Out of pure malevolence, he set up shop next door to the boutique in Gnesta where he had once been trained and that he later robbed. Because Gnesta is Gnesta, where one jeweller is almost too many, it took the Jeweller less than six months to drive his former boss out of business. Incidentally, this was the same man who had nearly called the police that time Nombeko had paid a visit.
Then one day in May 1994, the Jeweller ran into a black woman outside the library on his way to work. Where had he seen her before?
‘The Jeweller!’ said Nombeko. ‘It’s been a long time. How is life treating you today?’
Oh yes, she was the woman who had gone around with that screwy American and those three Chinese girls who were impossible to get anywhere with.
‘Fine, thanks,’ he said. ‘I’ve exchanged silver plastic Bolivian hearts for the real thing, you could say. I’m a jeweller here in town these days.’

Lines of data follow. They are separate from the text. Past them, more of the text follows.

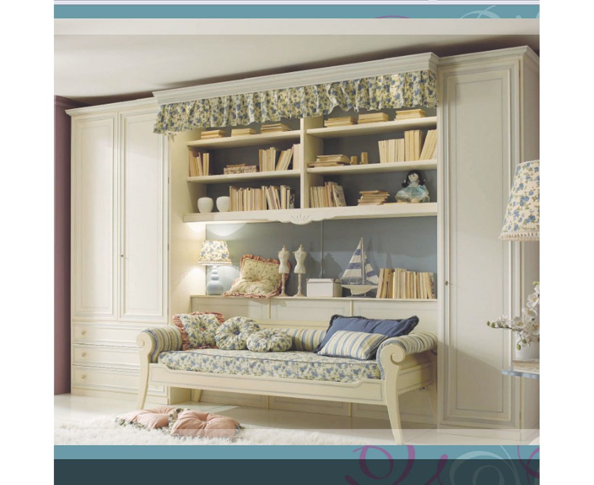 Нежный, элегантный и красивый гарнитур в приятных пастельных тонах. Отличное решение для оформления спальни для мальчиков или девочек. В гарнитур входят: диван-кровать, система шкафов с открытыми и закрытыми полками. Все предметы мебели выполнены в классическом стиле. Каркас из натуральной древесины в отделке из нетоксичных материалов.
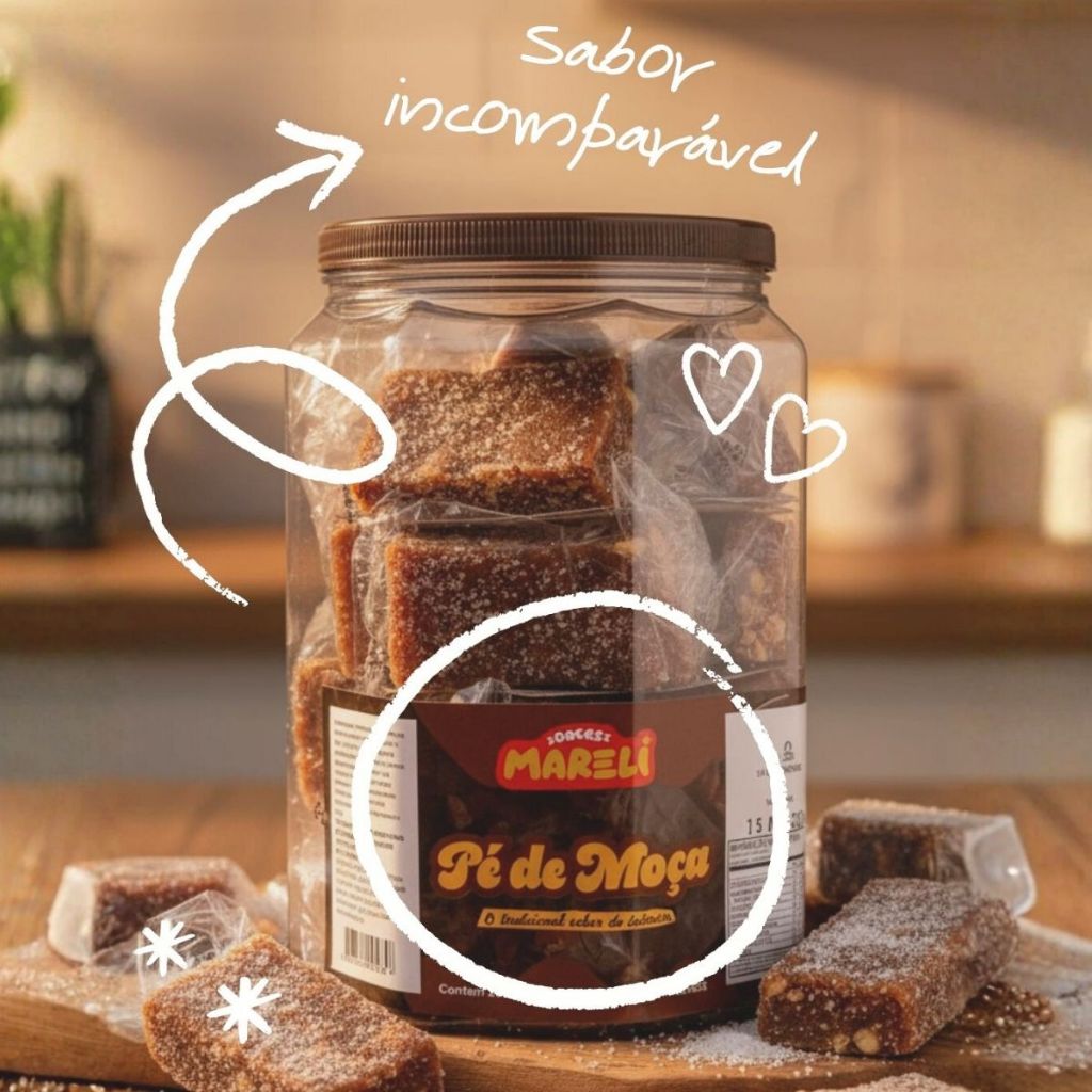 Pé de Moça Doces Mareli – O Tradicional Sabor do Interior em Cada Mordida! Pote com 20 unidades! Peso total de 1Kg. ---------- Descubra o irresistível Pé de Moça Doces Mareli, uma verdadeira joia da culinária caseira brasileira. Feito com amendoim selecionado e uma combinação cremosa de leite, açúcar e ingredientes de alta qualidade, este doce traz aquele sabor nostálgico das receitas preparadas no fogão a lenha, como nos velhos tempos do interior. Com textura macia, levemente amanteigada e pedacinhos crocantes de amendoim, o Pé de Moça Mareli transforma qualquer momento em uma pausa deliciosa — perfeito para acompanhar o café, receber visitas, montar cestas, revender ou simplesmente matar aquela vontade de um docinho tradicional. ---------- Por que você vai amar o Pé de Moça Mareli? Sabor autêntico do interior – receita tradicional, cremosa e irresistível. Amendoim de alta qualidade – sabor marcante e textura perfeita. Docinho pronto para consumo – ideal para lanches, sobremesas ou lembrancinhas. Praticidade e ótimo custo-benefício – embalagem com 20 unidades. Não contém glúten – opção segura para quem possui restrições alimentares. ---------- Informações importantes: Contém derivados de amendoim. Pode conter trigo, coco e leite. Alto em açúcar adicionado e gordura saturada. Peso líquido aproximado: 1,010 g (20 unidades). Experimente o verdadeiro gostinho caseiro! ---------- Ingredientes: Amendoim, água, mistura láctea condensada de leite e soro de leite, xarope de glicose, margarina (geneticamente modificados a partir do Agrobacterium tumefaciens e/ou Bacillus thuringiensis e/ou Delftia acidovorans e/ou Stenotrophomonas maltophilia e/ou Streptomyces viridochromogenes e/ou Zea mays) e açúcar. ALÉRGICOS: CONTÉM DERIVADOS DE AMENDOIM, PODE CONTER TRIGO, COCO E LEITE. NÃO CONTÉM GLÚTEN. ---------- Marca: DOCES MARELI Produto: Pé de Moça Quantidade: Contém 20 unidades Peso Líquido: 1,010 g ---------- O Pé de Moça Mareli é perfeito para quem busca qualidade, sabor e aquela memória afetiva que só um doce tradicional pode trazer. Ideal para casa, loja de conveniências, mercados, cafeterias ou consumo no dia a dia. Garanta já o seu e saboreie essa delícia que conquista gerações! IMAGENS MERAMENTE ILUSTRATIVAS.
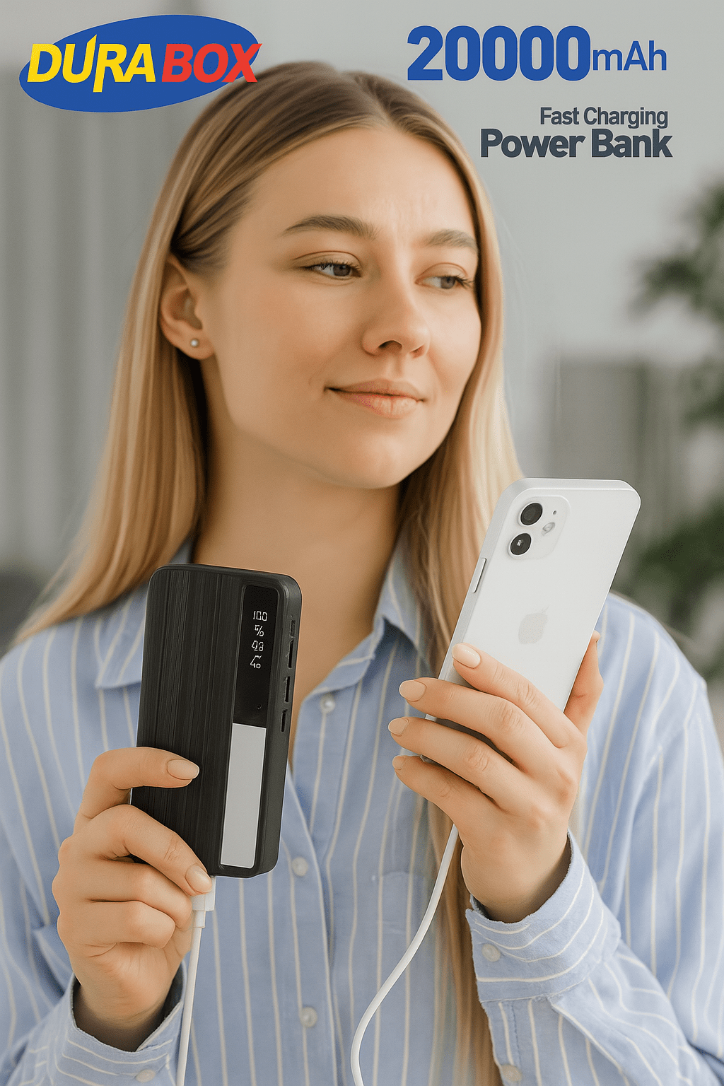 DuraBox 20000mAh Power Bank – A high-capacity portable charger with dual output, LED screen display, and fast charging capability for all your devices.
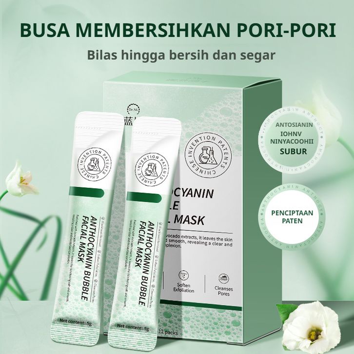 JUELREOU5g12 kantong Masker gelembung antosianin yang mengecilkan pori-pori dan memutihkan/masker untuk komedo dan jera
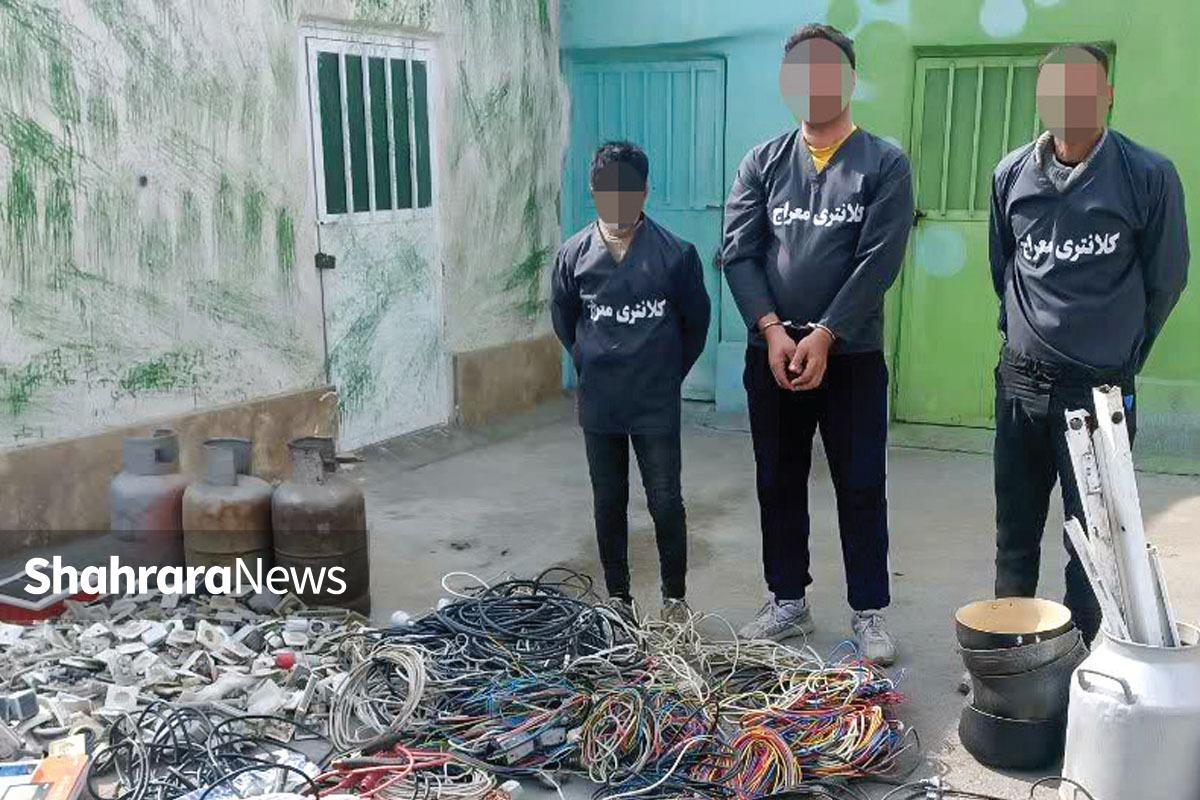با ورود مال خر به محل، بلافاصله این فرد شناسایی و دستگیر شد. پس از ورود مأموران به این ضایعاتی، آنها برای اینکه اتفاق دیگری نیفتد در را پشت سر خودشان بستند. در بررسی این انبار چهارصد متر سیم و کابل نو و دست دوم، سیصد عدد کلید و پریز، تعدادی کنتور آب سرقتی، آچار آلات و... به همراه مقدار زیادی کابلهای سوخته به منظور خارج کردن سیمهای داخلی آن کشف شد. با دستور قضایی از اقلام کشف شده تصویربرداری و مستندسازی شد تا مأموران بتوانند با نشان دادن این تصاویر به مال باخته ها، مالکانشان را شناسایی کنند.
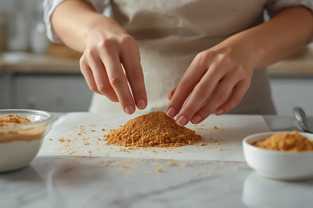 Combine Biscoff crumbs, melted butter, sugar, and eggs to form a batter.
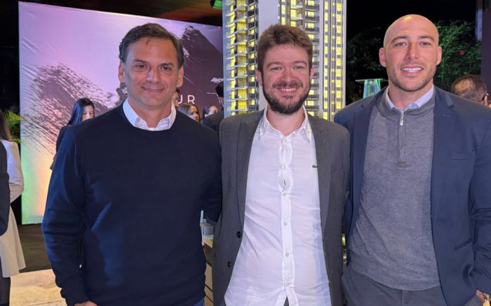 Noite de celebração - Inspirada em espaços novaiorquinos, a Aikon Empreendimentos lançou na noite de quarta-feira o MoMa Residence. Na foto, Emerson Granado, sócio-proprietário da Aikon, ladeado pelos sócios-diretores de real state da Apex, Marcelo Murad ...
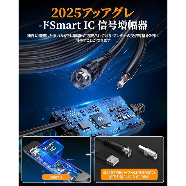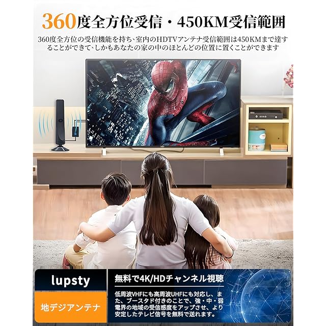 商品名:【2025新改良】テレビアンテナ Lupsty 室内アンテナ 地デジアンテナ ブースター 増幅器 360度全方位受信 450KM受信範囲 無料視聴 防水 4K HDTV 高感度 USB式簡単接続 小型 コンパクト UHF VHF対応 強電界 屋外・屋内用
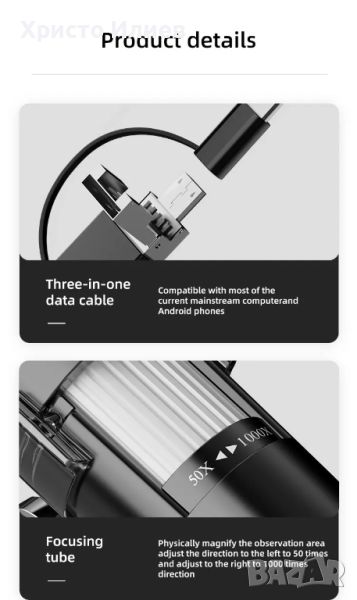 • Преносим и удобен: Този USB преносим електронен микроскоп е перфектен за използване в движение, като улеснява ремонта на мобилни телефони или запояване на светодиоди.
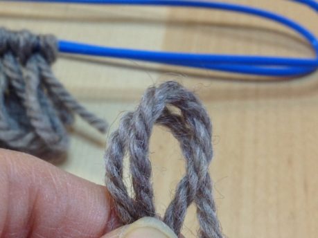 ⑥別の毛糸で結びます
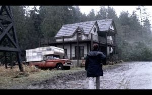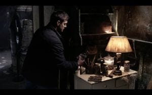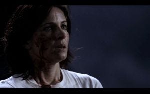 The door to Jenkins’ cage mysteriously unlocks. Sam immediately knows that was way too easy, and tells Jenkins to just stay in cage, but of course he runs anyway. It’s a disturbing scene, Jenkins running outside in the rain in the dark woods. He finds a knife (conveniently) and takes off, hearing eerie whooping sounds in the woods as the Benders pursue him. They toy with him like a cat with its prey, beating him with sticks and then letting him run again, terrified in the fog and rain, the eerie whoops pursuing him. They slice his leg and let him keep staggering away, wounded, before finally stabbing him to death.
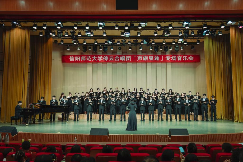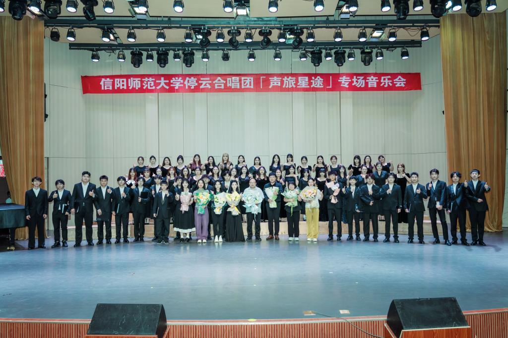 2025年5月27日晚7:30,信阳师范大学艺术楼音乐厅内歌声悠扬,掌声如潮。由bat365在线中国官网登录入口主办的“停云合唱团「声旅星途」专场音乐会”在此隆重举行。本场音乐会作为学校“四季十美”大美育浸润计划暨“夏美师大·与美同行”系列特色活动的重要组成部分,既是课堂教学成果向舞台实践的精彩转化,也是学院美育工作的集中展示。学院党委书记周文勇、副院长(主持工作)任远、党委副书记雷玲及bat365在线中国官网登录入口全体师生共同观看了演出,现场气氛热烈。
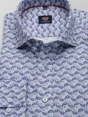 59. Niebieska klasyczna koszula w bordowy orientalny wzór
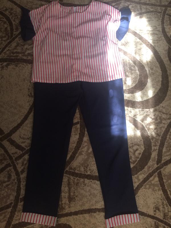 Брючний костюм, темно синього кольору,блузка та низ штанів білого кольору в червону полоску
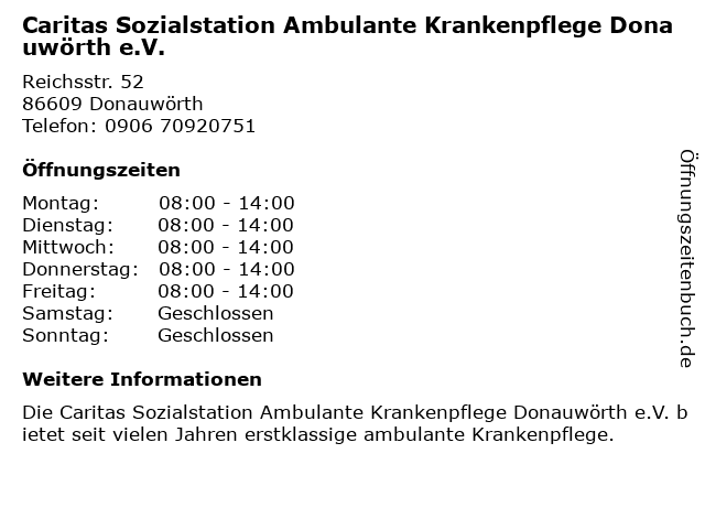 Branchen & Suchbegriffe zu Caritas Sozialstation Ambulante Krankenpflege Donauwörth e.V.:ambulante, caritas, e.v., krankenpflege, sozialstation |
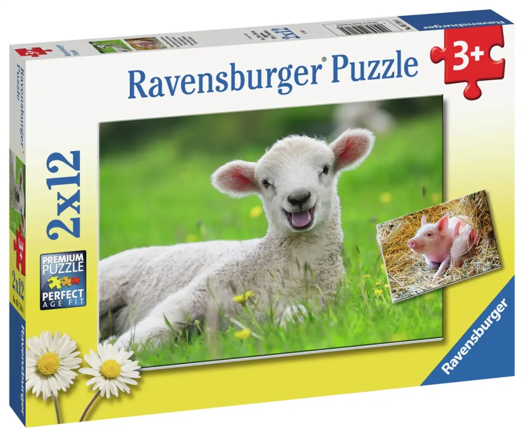 Två pussel på 12 bitar vardera. I det ena pusslet ligger ett vitt litet lamm och vilar sig i det gröna gräset omgiven av maskrosor. I det andra motivet får vi träffa två söta kultingar som håller varandra sällskap i halmen.
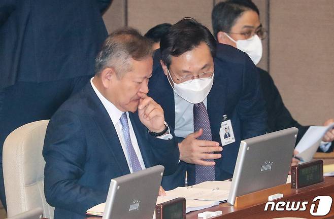(서울=뉴스1) 허경 기자 = 이상민 행정안전부 장관이 6일 서울 여의도 국회에서 열린 정치·외교·통일·안보 분야 대정부질문에서 직원과 대화하고 있다. 이날 더불어민주당은 이태원 핼러윈 참사의 책임을 물어 이상민 행정안전부 장관에 대한 탄핵소추안을 당론으로 발의하기로 했다. 2022.2.6/뉴스1

Nombeko thought this was extraordinary. Suddenly and strangely, she had a contact in Swedish jewellers’ circles. And one who seemed to have flexible morals, or possibly no morals at all.
‘Fantastic,’ she said. ‘I guess it’s Mr Jeweller from now on. Might you have any interest in making a deal or two? I happen to have some rough diamonds to hand, and I would be happy to exchange them for money.’
The Jeweller thought about how impossible God was to understand. On the one hand, he had always prayed to him; on the other hand, he had seldom received anything in return. And then there was that ill-fated robbery, which ought to work against him when it came to the divine. Instead, the Lord was dropping riches straight into his lap.
‘My interest in rough diamonds is very keen, Miss . . . Nombeko, was it?’
So far, business hadn’t gone at all as the Jeweller had planned. But now he could start planning to rob himself on the side once more.
Three months later, all twenty-eight diamonds had been traded in and sold on. Instead, Nombeko and Holger had a backpack full of money. Nineteen point six million kronor, which was probably 15 per cent less than if the deal hadn’t had to be carried out so discreetly. But, as Holger Two said, ‘Nineteen point six million is still nineteen point six million.’
He had just signed up to take the autumn university entrance exams. The sun was shining and the birds were chirping.